Van der Zwaan had recorded those calls, but in his first meeting with investigators, represented by a Skadden partner, he failed to tell investigators about the recordings, according to the filings.

“Focused on preserving his career at Skadden, and fearful that truthful answers could lead to discovery of the recordings (and in particular, the discovery that he had recorded a Skadden partner), Alex made a terrible decision: he decided to cut off the inquiry at its inception by lying about the September 2016 conversations with Gates and Person A,” according to the defense filing.

He also failed to flag personal emails from his Skadden account, including ones showing that in 2012 and 2013, he “explored opportunities to leave Skadden to work directly for Gates and Manafort,” according to the filing.

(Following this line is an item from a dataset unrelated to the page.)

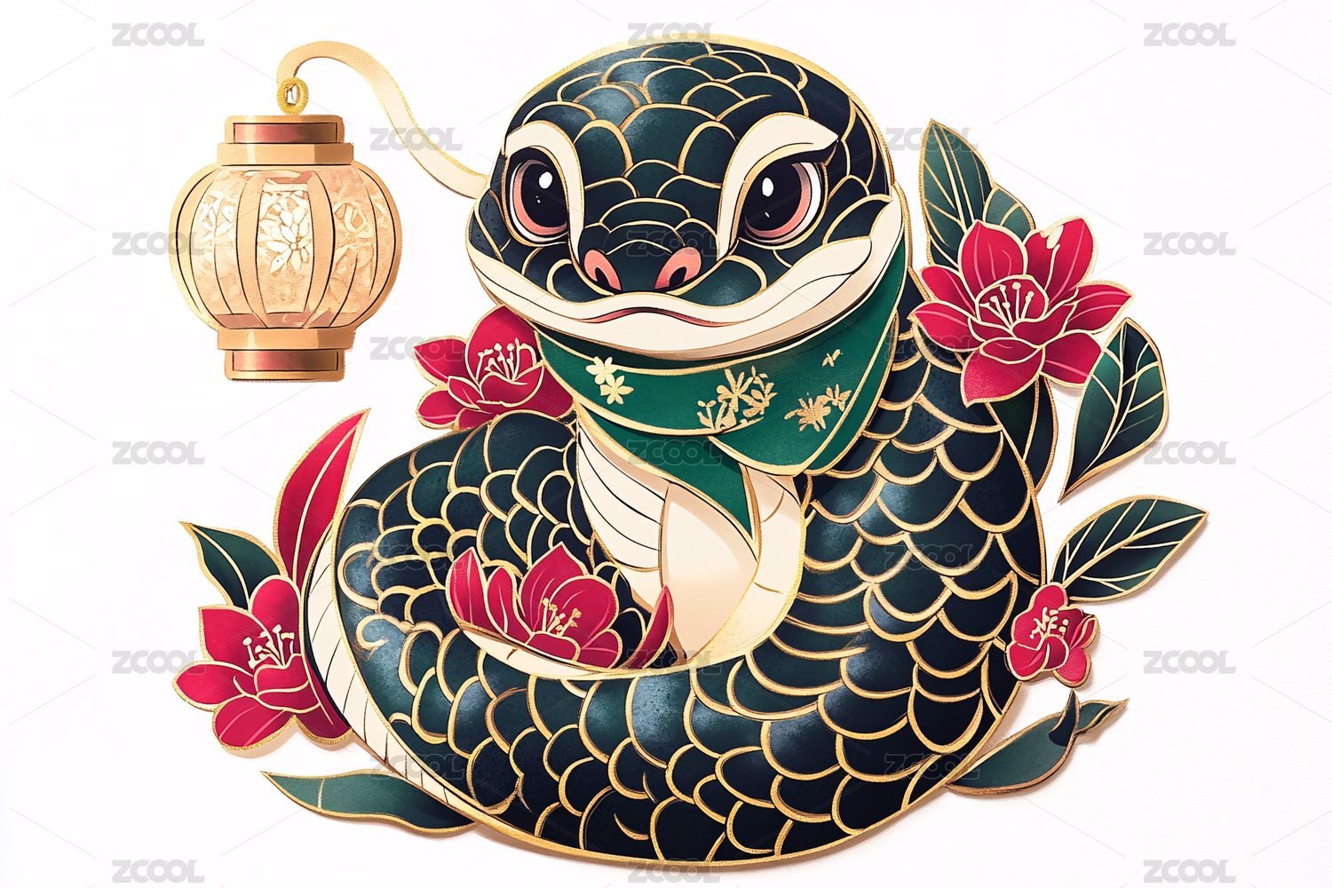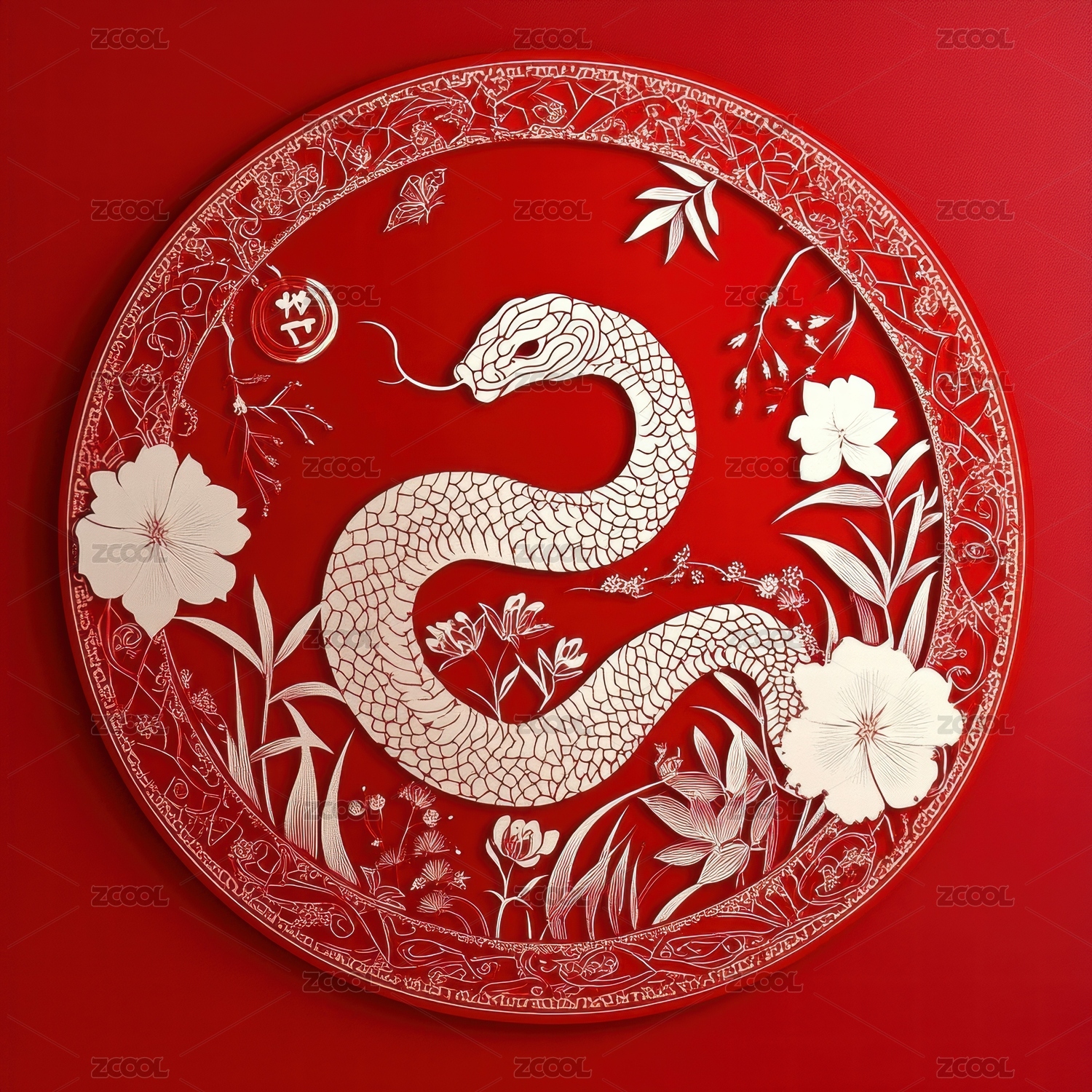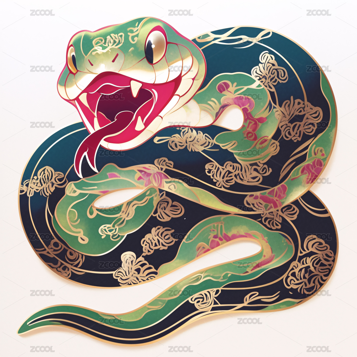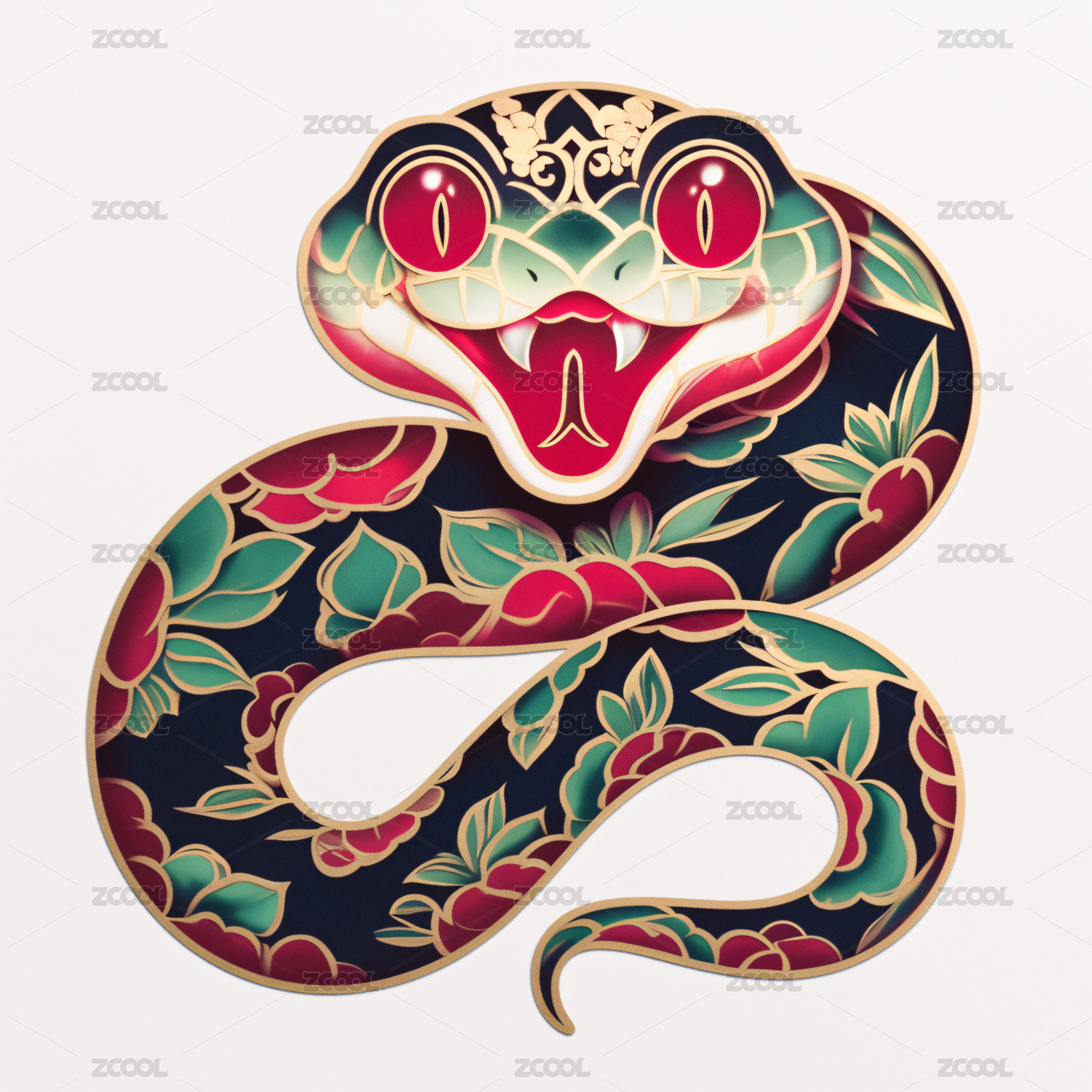 蛇年主题插画艺术剪纸图案logo徽章标志

Within days, van der Zwaan decided to come clean. He handed over notes and the recordings, which gave prosecutors “powerful evidence that irrefutably proved that he had made false statements.” In a second meeting with prosecutors, he admitted his lies.

Van der Zwaan, who was fired by Skadden, is hoping that he can join his pregnant wife in Europe for the expected birth of their son in August, his lawyers said. His wife, Eva, is the daughter of a Russian oligarch, German Khan.

The case is U.S. v. van der Zwaan, 18-cr-00031, U.S. District Court, District of Columbia (Washington).